Premier procès dans le scandale des opioïdes aux États-Unis

L'avocat général Brad Beckworth lors de l'ouverture du procès Oklahoma contre Johnson & Johnson. ©REUTERS

L’entreprise pharmaceutique Johnson & Johnson est accusée d’avoir provoqué une épidémie d’opioïdes (des médicaments antidouleurs) ayant causé la mort de 70.000 Américains en 2017.

Le fabricant américain d’opioïdes Johnson & Johnson a dû comparaître ce mardi au tribunal, dans l’État de l’Oklahoma, pour faire face aux 2.000 poursuites similaires déposées par plusieurs gouvernements américains l’accusant d’inciter à la consommation d’opioïdes, et de mener des campagnes mensongères sur leurs effets. Les médicaments opioïdes, qui sont des analgésiques contenant des molécules proches de la morphine, ont causé la mort de 70.000 Américains par overdose en 2017, 10% de plus qu’en 2016. Ces antidouleurs sont surprescrits par le milieu médical dans l’ensemble des États-Unis, ce qui a entraîné une dépendance croissante des consommateurs les poussant vers des drogues dures comme le Fentanyl et l’héroïne.

L’Oklahoma est le premier État américain à intenter un procès contre un fabricant d’opioïdes. Mike Hunter, procureur général de l’Oklahoma, a annoncé que les entreprises J&J, Purdue Pharma L.P. et Teva Pharmaceutical Industries avaient réalisé des campagnes trompeuses en minimisant les risques de dépendance aux opioïdes et en exagérant leurs avantages. J&J, qui a commercialisé les antidouleur Duragesic et Nucynta, est le "pilier derrière cette urgence de la santé publique", affirme Mike Hunter. 

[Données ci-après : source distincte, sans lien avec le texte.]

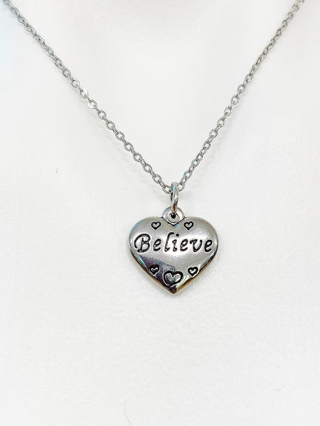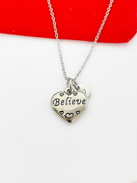 This is a stainless-steel heart Believe charm with hand stamped initial charm on a stainless-steel chain.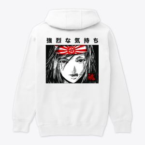 japanese girl face illustration in manga style with a slogan print design translation is intense feelings.

Nous pensons que nous avons des preuves convaincantes concernant leur responsabilité légale sur ces milliers de décès, et centaines de milliers de dépendances dans l’État
Mike Hunter
procureur général de l’Oklahoma

Un procès de plusieurs milliards de dollars

J&J n’est pas d’accord avec les accusations de l’État et affirme qu’il n’est pas possible de prouver son implication directe dans cette épidémie d’opioïdes, compte tenu du rôle joué par les médecins, patients, pharmaciens ou encore les trafiquants de drogues. "Nous avons agi de manière responsable en fournissant des analgésiques approuvés par la FDA [Food and Drug Administration], et nous sommes prêts pour un procès", a déclaré J&J ce dimanche. Ce procès pourrait d’ailleurs coûter à la compagnie plusieurs milliards de dollars.

L’État estime que les actions de l’entreprise ont créé une surabondance d’analgésiques et une nuisance publique qui coûtera entre 12,7 et 17,5 milliards de dollars pour lutter contre cette crise. Le groupe pharmaceutique israélien Teva a accepté ce dimanche un accord à l’amiable avec l’État en lui versant 85 millions de dollars. Purdue Pharma, fabriquant du puissant antidouleur Oxycontin ayant fait des dizaines de milliers de victimes chaque année, a fait de même en mars dernier avec le versement de 270 millions de dollars.

Au Canada, la province de l’Ontario a également annoncé ce lundi son intention de poursuivre en justice les fabricants d’opioïdes pour couvrir les frais des soins de santé nécessaires pour faire face à la crise de santé publique.

Plus de 10.000 personnes sont décédées d’overdose au Canada depuis 2016.